We thank the reviewer for the constructive feedback.

Q1: Impact of top-k filtering or nucleus sampling.

By default, we adopt nucleus sampling with p = 0.7 in our experiments. To explore the impact of the sampling parameter, we conducted experiments under different p values. As shown below, model performance is somewhat sensitive to the value of p. In particular, performance degrades when p is too small (e.g., p = 0.4), likely due to overly restrictive sampling that limits output diversity. | Nucleus sampling | MMIE | InterleavedBench | |------------------|------|-------------------| | p=0.7 | 59.5 | 3.13 | | p=0.9 | 59.1 | 3.04 | | p=0.4 | 58.4 | 2.81 |
Experiments with top-k filtering are currently in progress. We will update the results as soon as they become available and would be happy to share them with the reviewer.

Q2: Clarity of theoretical analysis.

A: We appreciate the reviewer’s feedback regarding the clarity of our theoretical analysis. Below, we provide a simplified explanation of our key ideas:

We propose a unified policy optimization framework (Eq. 3 and 4) that treats both text and image actions within the same policy space. This allows the model to learn a coherent generation trajectory across modalities. By jointly optimizing actions from different modalities, we ensure global consistency and enable smooth gradient flow through the interleaved sequence, which is essential for learning meaningful cross-modal dependencies.
In previous methods (e.g., Deepseek-R1), defining accurate step-level rewards is difficult, often leading to ambiguous credit assignment and unstable training. In contrast, our interleaved multimodal setup naturally segments the generation process through explicit modality switches (e.g., text → image → text), which serve as clear and semantically meaningful boundaries. These transitions allow us to assign rewards to specific modality segments, improving the interpretability of the reward function, reducing gradient variance, and stabilizing learning.

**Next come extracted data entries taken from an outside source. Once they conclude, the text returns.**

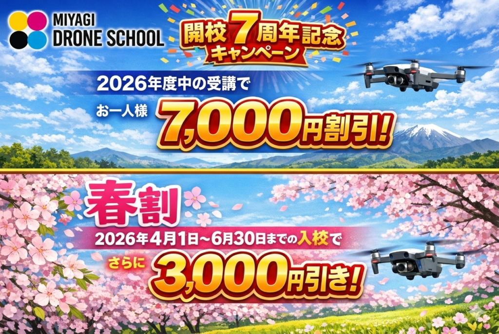 過去に宮城ドローンスクールの各種講習(JUIDA講習など)を卒業された方は、5,000円を割引いたします。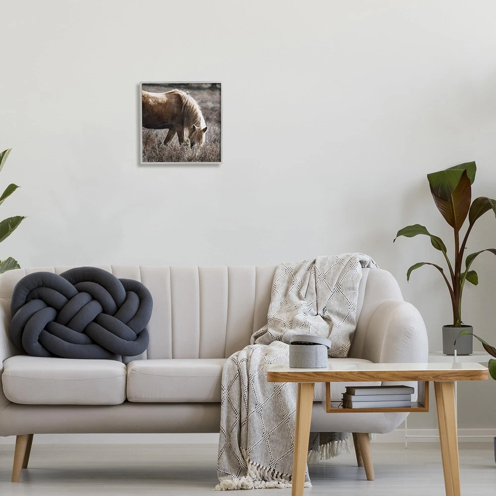 Framed Giclee Sizes Include Standard: 12 x 1.5 x 12 Large: 17 x 1.5 x 17 Oversized: 24 x 1.5 x 24 Wall Art is Ready to Hang with Hardware Free Hanging. No installation required. For Easy Set Up Lean or Layer Artwork on Shelf or Against Wall. Our giclée prints are carefully mounted on a durable MDF backing, and then perfectly finished in a 1.5 inch thick woodgrain frame. Mounted frame colors include black, gray farmhouse and white. Made In USA. Artwork Relates To: Field, Grassland, Grazing, Animal, Colt Horse, Horse, Mammal, Wildlife, Stallion, Farm, Pasture, Rural Design by LSR Design Studio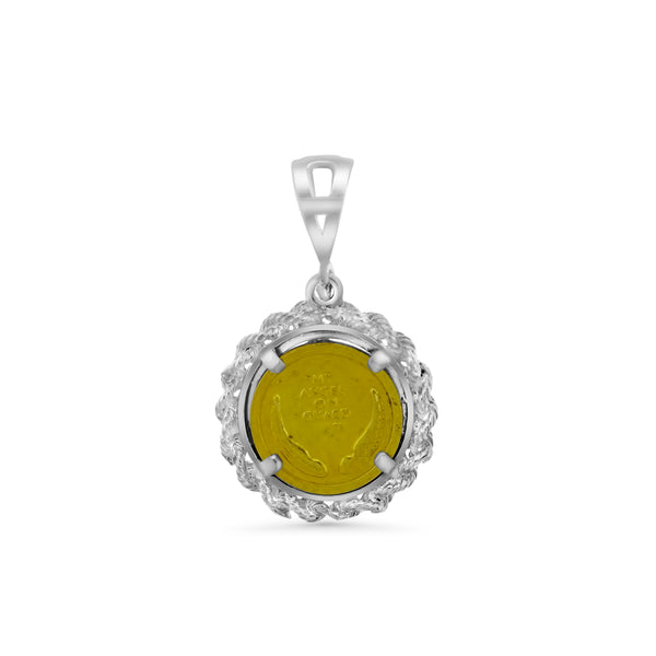 Round pendant with a gold vermeil coin that has an angel in the center and the words "Guardian Angel" at the top and bottom. The back of the coin has an image of a pair of wings and the words "My Angel on Guard." There is a rope design around the pendant and a triangle bale at the top.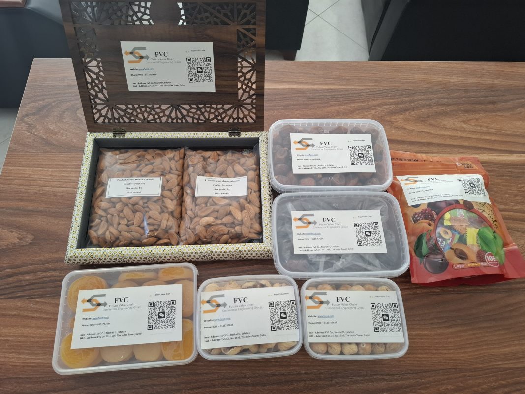 These images showcase a selection of sample dried fruits and nuts prepared and shipped by FVC (Future Value Chain) for one of our valued clients in China. The purpose of sending these samples is to evaluate the quality, packaging, and export standards of Iranian products before beginning large-scale cooperation.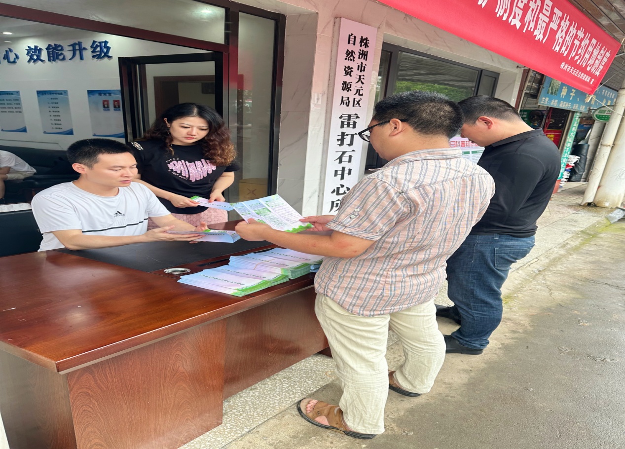 2023年6月25日是第33个"全国土地日",天元区自然资源局副局长刘伟带领耕地保护股、土地开发利用股、用途管制股、群丰中心所、雷打石中心所相关工作人员冒着蒙蒙细雨,前往雷打石镇开展以"节约集约用地 严守耕地红线"为主题的宣传活动。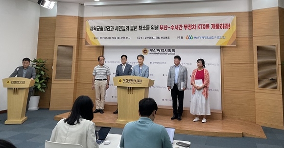부산경제정의실천시민연합은 29일 오전 부산시의회 브리핑룸에서 기자회견을 열고 “지역균형발전과 시민 불편 해소를 위해 부산∼수서간 무정차 KTX를 개통하라”고 요구했다.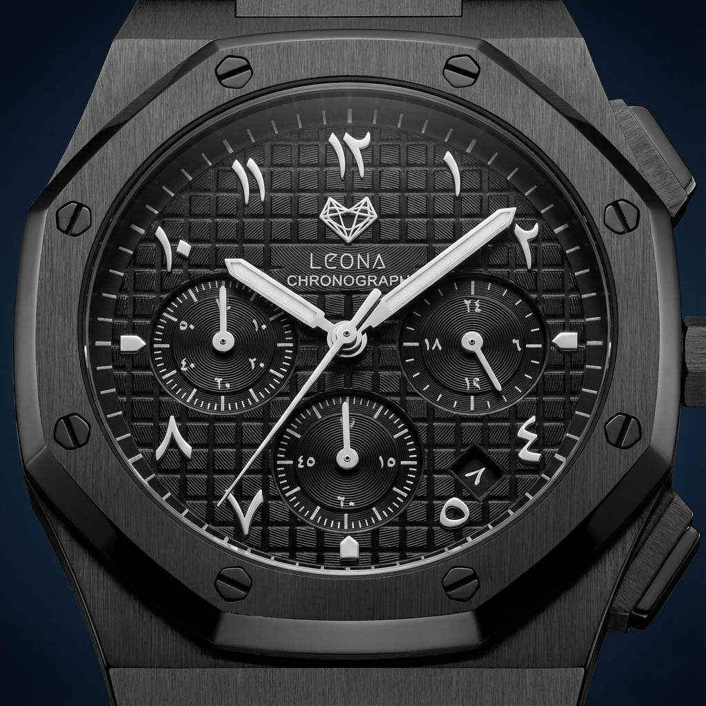 ساعة رويال كرونوغراف الإصدار الأسود ليست مجرد ساعة؛ إنها تعبير عن الذوق الرفيع. تُعدّ هذه الساعة، جزءًا من مجموعة ليونا الحصرية، وتتميز بهيكل مصنوع من الفولاذ المقاوم للصدأ عالي الجودة بلون معدني داكن، مما يُضفي تباينًا جريئًا مع المينا السوداء والأرقام العربية الذهبية اللافتة.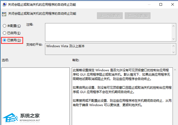 4. 关闭会阻止或取消关机的应用程序的自动终止功能窗口,选择【已禁用】,再点击【应用确定】。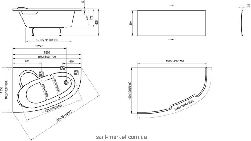 Ергономічна форма передньої панелі полегшує доступ до ванни. До ванни Asymmetric можна придбати (опору, стічний комплект для ванни), у разі потреби. Передню панель ванни не можна доповнити підголовником або шторою для ванни.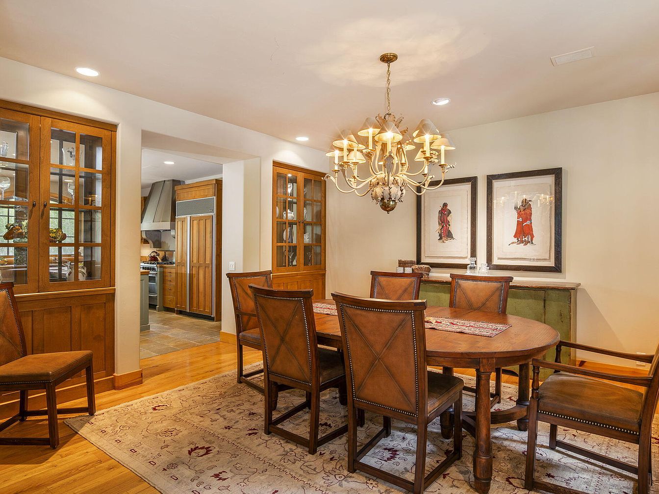 A welcoming dining room showcases an oval wooden table surrounded by six matching leather chairs, perfect for family gatherings or entertaining friends. Built-in glass front cabinets provide both storage and display space for cherished dishware, while the honey-toned hardwood floor enhances the cozy atmosphere. Overhead, a statement chandelier adds elegance and soft illumination. Neutral wall tones keep the space light and inviting, complemented by a muted, patterned area rug that grounds the room. Two framed artworks bring personality to the space, and the open doorway connects seamlessly to the modern kitchen, making mealtimes convenient and social.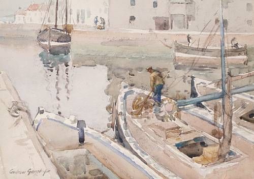 Harbour scene; Fisherman onboard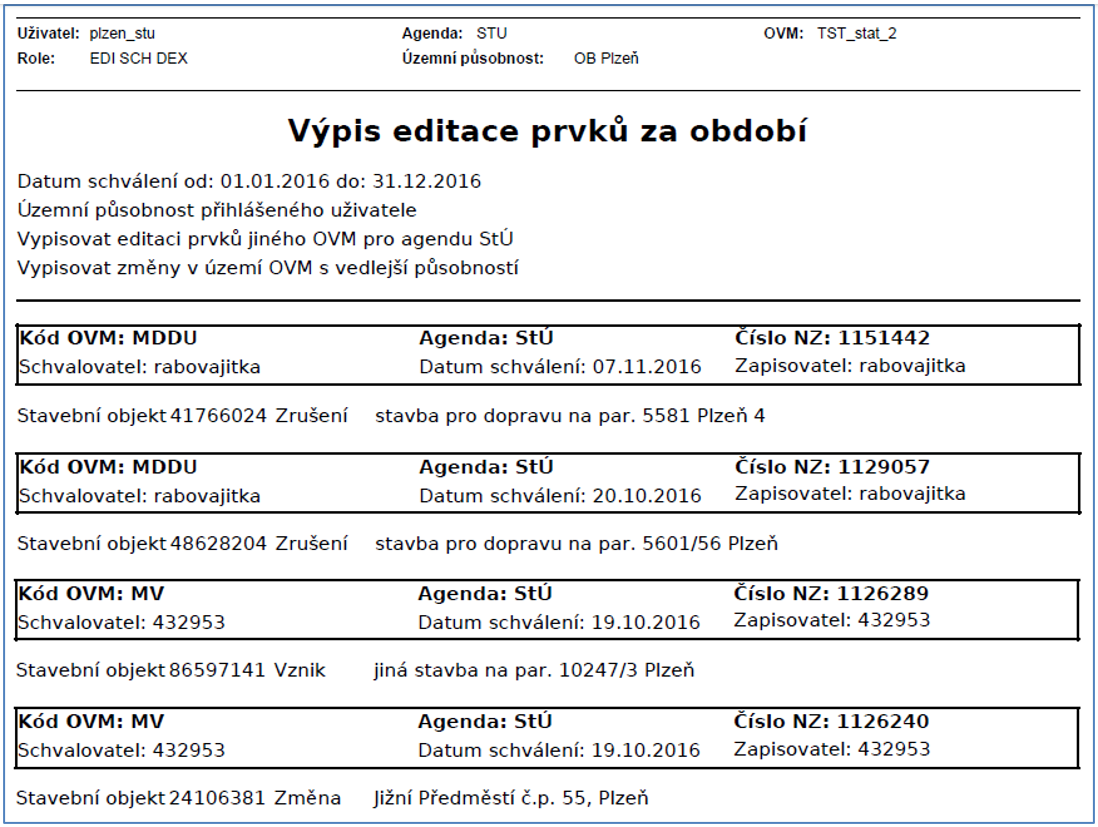 Uživatel je přihlášen do ISÚI pod agendou obecného StÚ a požaduje seznam prvků, které v celé jeho územní působnosti editovaly jiné stavební úřady (např. speciální StÚ, nebo jiný obecný StÚ v rámci EIA) v kalendářním roce 2016. Příklad je uveden pro StÚ Plzeň. Parametry sestavy je potřeba nastavit následně:
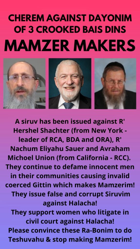 Please see audio of loose translation of attached Siruv Letter against R’ Hershel Shachter (from New York – leader of RCA, BDA and ORA) R’ Nachum Eliyahu Sauer and Avraham Michoel Union (from California – RCC).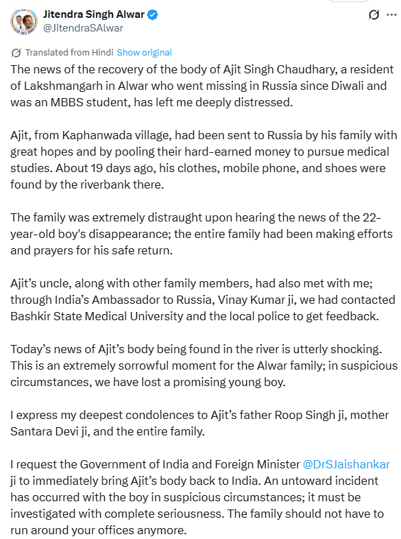 His sudden disappearance set off an anxious search operation involving his friends, university authorities, the Indian Embassy in Moscow, and local Russian law enforcement agencies. Posters with Ajit’s photograph circulated widely on social media, while his distraught family in Alwar made repeated appeals to both Indian and Russian authorities to intensify search efforts.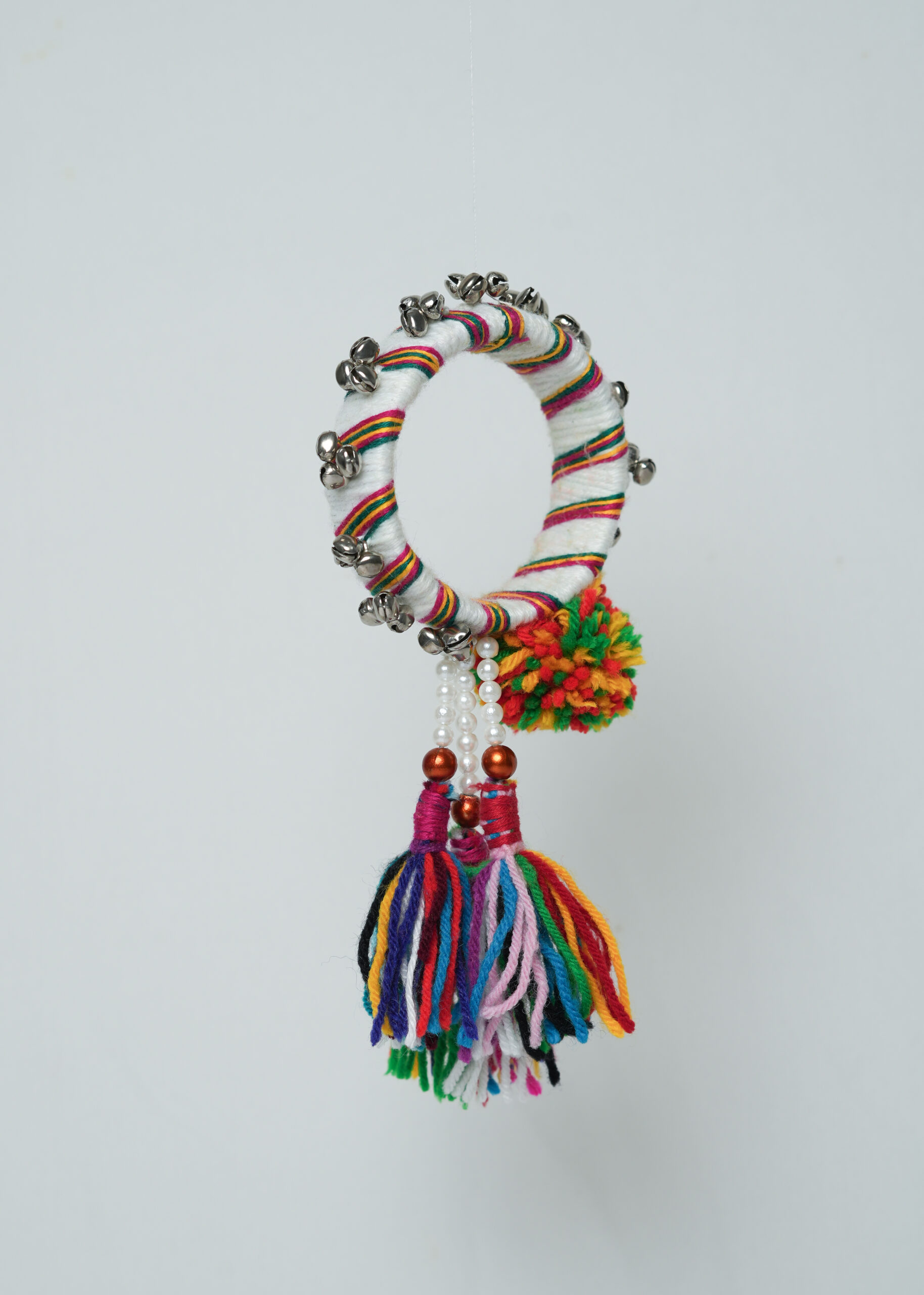 Handmade single bangle with ghungroos, pom-pom, beads, and colorful tassels — designed for sound, style, and Navratri celebration.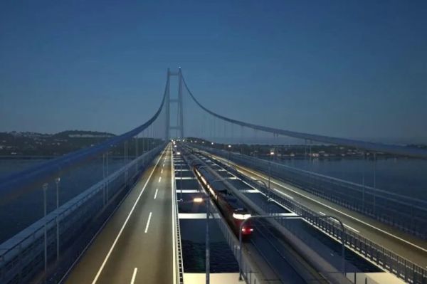 The colossal bridge, consisting of two towers stretching 400-metres (1,300 feet), would span an incredible 3.3km (2.05 miles). Three lanes of traffic would sit either side of two railway lines in the middle.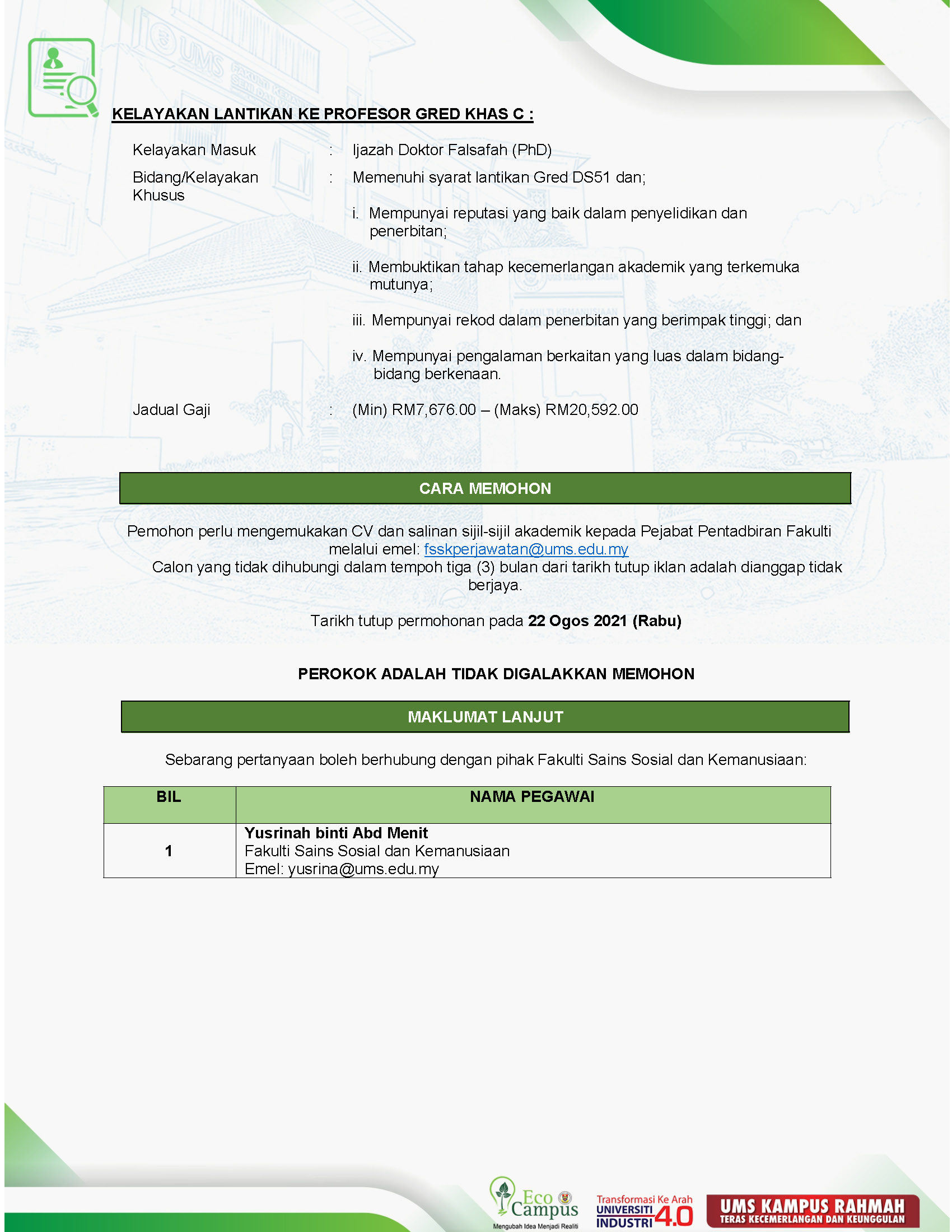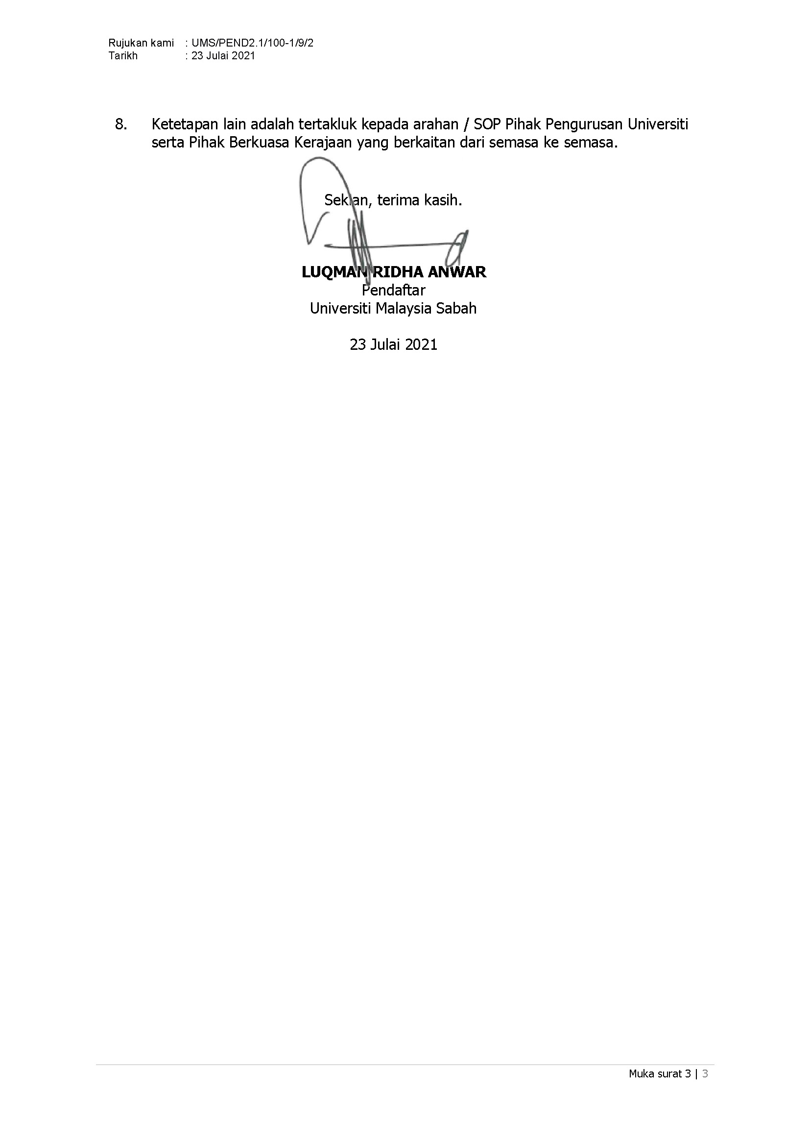 Pengumuman Daripada: Jabatan Pendaftar, UMS

We hope this explanation helps clarify the motivation and formulation of our method.

Please feel free to let us know if you have any further questions. We would be happy to address them.

2025-08-08

Dear Reviewer 3D4S

Thanks again for your valuable comments and suggestions. As the discussion phase is nearing its end, we wondered if the reviewer might still have any concerns that we could address.

We believe our responses addressed all the thoughtful questions raised by the reviewer. It would be great if the reviewer can kindly check our responses and provide feedback with further questions/concerns (if any). We would be more than happy to address them. Thank you！

Best wishes,

Authors

2025-08-08

Dear Reviewer 3D4S

We have supplemented our experiments with top-k sampling. As shown in the table below, the model achieves relatively better performance at k=50, while performance drops significantly at k=10 and k=500, indicating that policy sampling is sensitive to diversity and quality. Furthermore, the overall performance of top-k sampling does not match that of nucleus sampling, suggesting that nucleus sampling is better suited for balancing diversity and quality in this task.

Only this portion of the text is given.